Hi,
On Sun, Jan 05, 2025 at 05:24:48PM +0800, Ma Ke wrote:
> When device_add(&dev->dev) failed, calling put_device() to explicitly
> release dev->dev. Otherwise, it could cause double free problem.
How exactly allegedly missing put would cause double free?
>
> As comment of device_add() says, if device_add() succeeds, you should
> call device_del() when you want to get rid of it. If device_add() has
> not succeeded, use only put_device() to drop the reference count.

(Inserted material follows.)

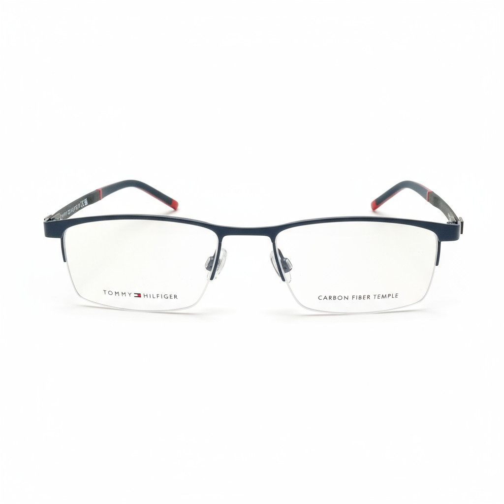 ÓCULOS DE GRAU TOMMY HILFIGER TH 2079 FLL 145 – DESIGN RETANGULAR EM METAL AZUL COM DETALHES EM FIBRA DE CARBONO

As explained in the kerneldoc for input_register_device(), in case of
the failure caller must call input_free_device() which will do the
required "put" as well as will handle devm-allocated input devices
properly.
Adding call to put_device() as proposed by this patch will indeed
introduce double-free.
>
> Found by code review.
>
> Cc: stable@xxxxxxxxxxxxxxx
> Fixes: 0cd587735205 ("Input: preallocate memory to hold event values")
> Signed-off-by: Ma Ke <make24@xxxxxxxxxxx>
> ---
> drivers/input/input.c | 4 +++-
> 1 file changed, 3 insertions(+), 1 deletion(-)
>
> diff --git a/drivers/input/input.c b/drivers/input/input.c
> index 7f0477e04ad2..a0a36aa90ecc 100644
> --- a/drivers/input/input.c
> +++ b/drivers/input/input.c
> @@ -2456,8 +2456,10 @@ int input_register_device(struct input_dev *dev)
> input_dev_poller_finalize(dev->poller);
>
> error = device_add(&dev->dev);
> - if (error)
> + if (error) {
> + put_device(&dev->dev);
> goto err_devres_free;
> + }
>
> path = kobject_get_path(&dev->dev.kobj, GFP_KERNEL);
> pr_info("%s as %s\n",
> --
> 2.25.1
>
Thanks.
--
Dmitry